Predigt zu Matthäus 22,1-13 von Heiner Braunschweiger

Matthäus 22,1-13
  Und Jesus fing an und redete abermals in Gleichnissen zu ihnen und sprach:
  Das Himmelreich gleicht einem König, der seinem Sohn die Hochzeit ausrichtete.
  Und er sandte seine Knechte aus, die Gäste zur Hochzeit zu laden; doch sie wollten nicht kommen.
  Abermals sandte er andere Knechte aus und sprach:  Sagt den Gästen: Siehe, meine Mahlzeit habe ich bereitet, meine Ochsen und mein Mastvieh ist geschlachtet, und alles ist bereit; kommt zur Hochzeit!

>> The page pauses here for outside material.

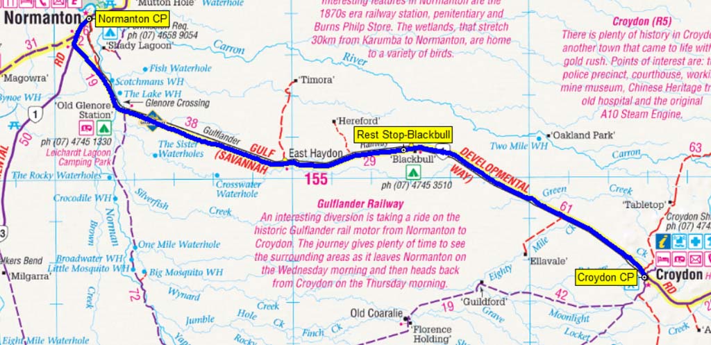 We left and drove the 155kms to Normanton. Set the cruise set on 90kph and away we went. Stopped at Blackbull Siding for a smoko.

  Aber sie verachteten das und gingen weg, einer auf seinen Acker, der andere an sein Geschäft.
  Einige aber ergriffen seine Knechte, verhöhnten und töteten sie.
  Da wurde der König zornig und schickte seine Heere aus und brachte diese Mörder um und zündete ihre Stadt an.
  Dann sprach er zu seinen Knechten: Die Hochzeit ist zwar bereit, aber die Gäste sind’s nicht wert.
  Darum geht hinaus auf die Straßen und ladet zur Hochzeit ein, wen ihr findet.
  Und die Knechte gingen auf die Straßen hinaus und brachten zusammen, wen sie fanden, Böse und Gute; und die Tische wurden alle voll.
  Da ging der König hinein, sich die Gäste anzusehen, und sah da einen Menschen, der hatte kein hochzeitliches Gewand an, und sprach zu ihm: Freund, wie bist du hier hereingekommen und hast doch kein hochzeitliches Gewand an? Er aber verstummte.
  Da sprach der König zu seinen Dienern: Bindet ihm die Hände und Füße und werft ihn in die Finsternis hinaus! Da wird Heulen und Zähneklappern sein.
  Liebe Gemeinde!
  Wir sind mit einer Geschichte dann einverstanden und zufrieden, wenn sie einen glücklichen Ausgang nimmt. Happy end oder wie  der Volksmund sagt: Ende gut, alles gut.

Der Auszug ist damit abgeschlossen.